If there is no stack-up required in the PCB manufacturing specification file, we can design a stack-up (adjust the H1, inner layers is H1,H2) to meet impedance value. but sometimes there are many groups impedance in same layers, due to Er and H1(H2) have fixed, we need to adjust trace width(spacing) to meet all of the impedance value, otherwise, some groups impedance value can’t be meet.
If customer provide the stackup, The H1(H2) have been fixed, if the impedance calculation can’t meet the required value, then we will suggest to change the trace width(spacing) or to change H1(H2) PP thickness to ensure impedance vlue.
Sometimes the impedance trace width have been specified in specification of PCB FAB drawing, but can’t search the trace from gerber, or some impedance trace in gerber have no reference layer(or lots of the parts have no reference), such trace can’t meet impedance.

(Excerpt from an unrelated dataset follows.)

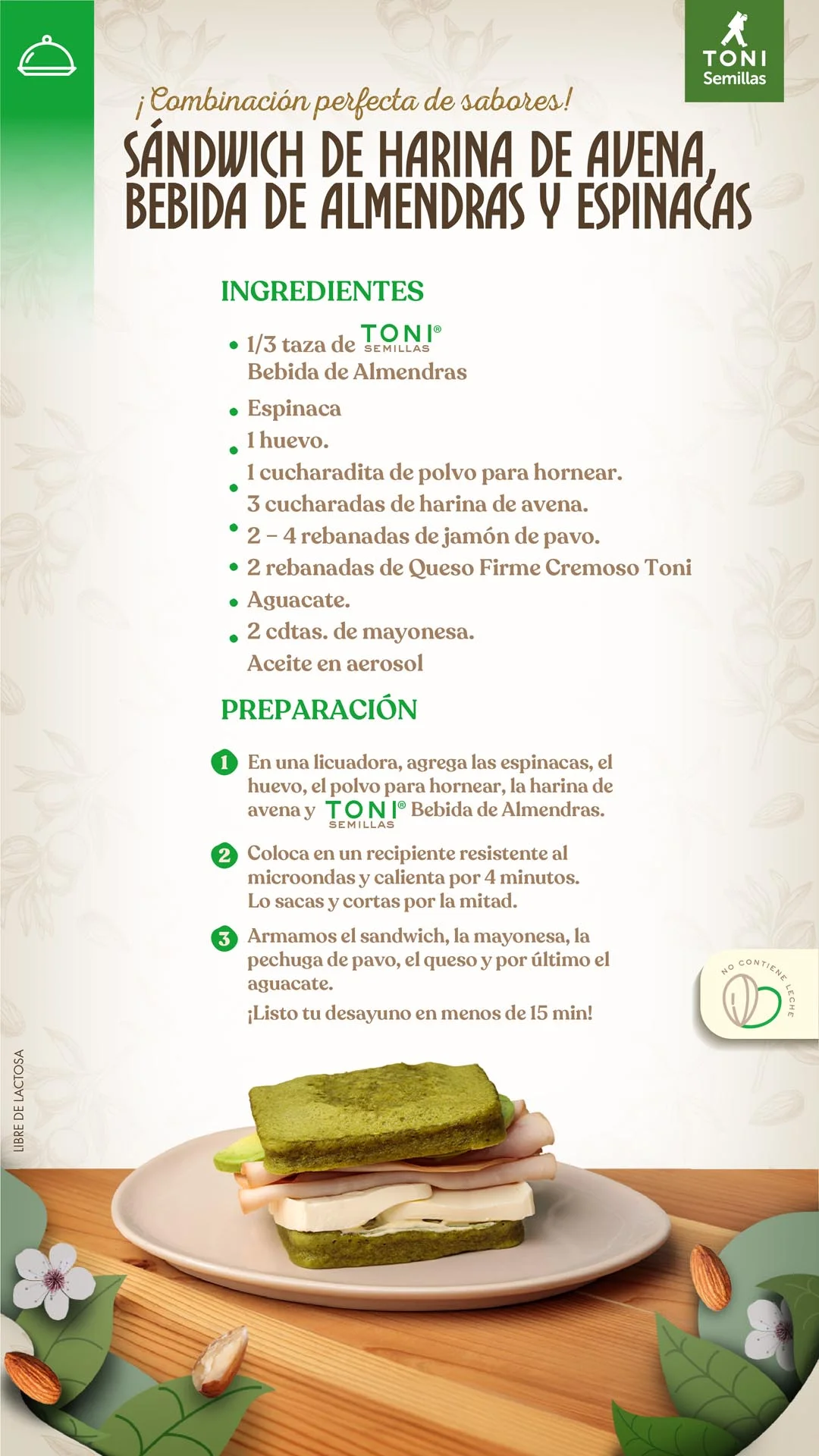 Sándwich de harina de avena, bebida de almendras y espinacas elaborada con productos ecuatorianos Toni para lograr sabor y practicidad. Usamos Toni Semillas Bebida de Almendra, de origen vegetal y fortificada con calcio y vitaminas A y D, ideal para recetas dulces y saladas. Receta pensada para el día a día: pocos pasos, ingredientes accesibles y resultados deliciosos.

For the differential pair impedance trace, If the parallel lines spacing not fix, the actually value of them will exist distortion(some part the impedance value will out of tolerance).
Usually all of the impedance trace sample will be an impedance test coupon added. In coupon the differential pair trace spacing is completely same, when the value on test coupon are ok, there will be considered the impedance have been controlled OK.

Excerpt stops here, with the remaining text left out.